Fragments of Opportunity
Media fragmentation is a suitably obscure and professional-sounding term with which marketing and PR folk will sometimes regale clients.
You don’t need a PhD in semantics (or any other kind of antics) to know it simply means that increasingly specialised media outlets are producing increasingly specialised news and information for increasingly specialised groups of readers, listeners and viewers.
Just in case, though, I Googled the term and right at top of the listings came this definition:
Describes a trend to increasing choice and consumption of a range of media in terms of different channels such as web and mobile and also within channels, for example more TV channels, radio stations, magazines, more websites.

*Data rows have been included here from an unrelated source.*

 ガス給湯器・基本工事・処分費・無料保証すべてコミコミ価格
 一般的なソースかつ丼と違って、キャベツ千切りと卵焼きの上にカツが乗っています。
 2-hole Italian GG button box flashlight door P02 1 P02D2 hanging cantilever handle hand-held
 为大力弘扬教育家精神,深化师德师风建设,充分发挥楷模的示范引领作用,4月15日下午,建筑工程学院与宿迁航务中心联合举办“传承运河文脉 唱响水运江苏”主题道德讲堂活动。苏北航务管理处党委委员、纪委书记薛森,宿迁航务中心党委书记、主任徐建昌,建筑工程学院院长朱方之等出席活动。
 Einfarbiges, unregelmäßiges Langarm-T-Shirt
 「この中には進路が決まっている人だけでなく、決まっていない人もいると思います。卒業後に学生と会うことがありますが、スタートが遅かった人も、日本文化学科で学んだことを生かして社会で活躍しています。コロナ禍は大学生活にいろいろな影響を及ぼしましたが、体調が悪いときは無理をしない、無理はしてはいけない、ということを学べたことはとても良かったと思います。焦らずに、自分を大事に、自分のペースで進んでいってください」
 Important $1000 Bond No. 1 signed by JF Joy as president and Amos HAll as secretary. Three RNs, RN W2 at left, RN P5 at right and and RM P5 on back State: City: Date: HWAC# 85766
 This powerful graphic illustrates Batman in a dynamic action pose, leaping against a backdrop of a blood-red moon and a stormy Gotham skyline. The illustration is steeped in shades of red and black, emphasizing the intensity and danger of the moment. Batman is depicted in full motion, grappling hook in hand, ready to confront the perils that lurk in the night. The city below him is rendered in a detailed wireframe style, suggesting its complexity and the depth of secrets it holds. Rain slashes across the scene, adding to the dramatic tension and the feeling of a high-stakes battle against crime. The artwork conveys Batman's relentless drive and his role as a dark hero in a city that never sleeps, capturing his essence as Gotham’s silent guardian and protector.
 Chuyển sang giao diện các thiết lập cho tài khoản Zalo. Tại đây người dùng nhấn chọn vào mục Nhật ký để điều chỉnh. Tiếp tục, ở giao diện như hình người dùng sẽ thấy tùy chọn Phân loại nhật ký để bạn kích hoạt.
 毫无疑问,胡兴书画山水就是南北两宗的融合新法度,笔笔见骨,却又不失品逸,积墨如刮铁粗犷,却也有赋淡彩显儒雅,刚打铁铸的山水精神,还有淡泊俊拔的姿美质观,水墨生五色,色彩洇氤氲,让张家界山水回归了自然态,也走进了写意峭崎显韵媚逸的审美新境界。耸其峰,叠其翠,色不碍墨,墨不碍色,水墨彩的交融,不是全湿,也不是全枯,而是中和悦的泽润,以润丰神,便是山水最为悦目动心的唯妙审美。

Media fragmentation implies increased difficulty in reaching target audiences.
And there’s my beef – what is the basis for this complexity and difficulty?
OK, fragmentation makes it progressively harder to issue specialist messages to generic audiences. Good. Why would you want to, unless you think your target audience is everyone out there, which is likely to be simplistic or maybe a little self-delusory?
Far from being a barrier, media fragmentation can be seen as the media doing your audience segmentation for you, whether for PR, advertising or other purposes.
The opportunities to zero-in on pre-interested, high-value audience groups are immense. For instance, here at Lucid, we subscribe to a constantly updated global email database of thousands of print, broadcast and digital news outlets covering any topic under the sun (in fact, including The Sun).
And for advertising, there are now better ways of ensuring that finely targeted promotion gets to very narrow and specific interest groups, for instance through social media.
None of which has changed the need for sound strategic communications strategy, creative ideas, good writing skills and the ability to provide clarity around complex communication challenges. But, just because something is fragmented, doesn’t mean we can’t get it together.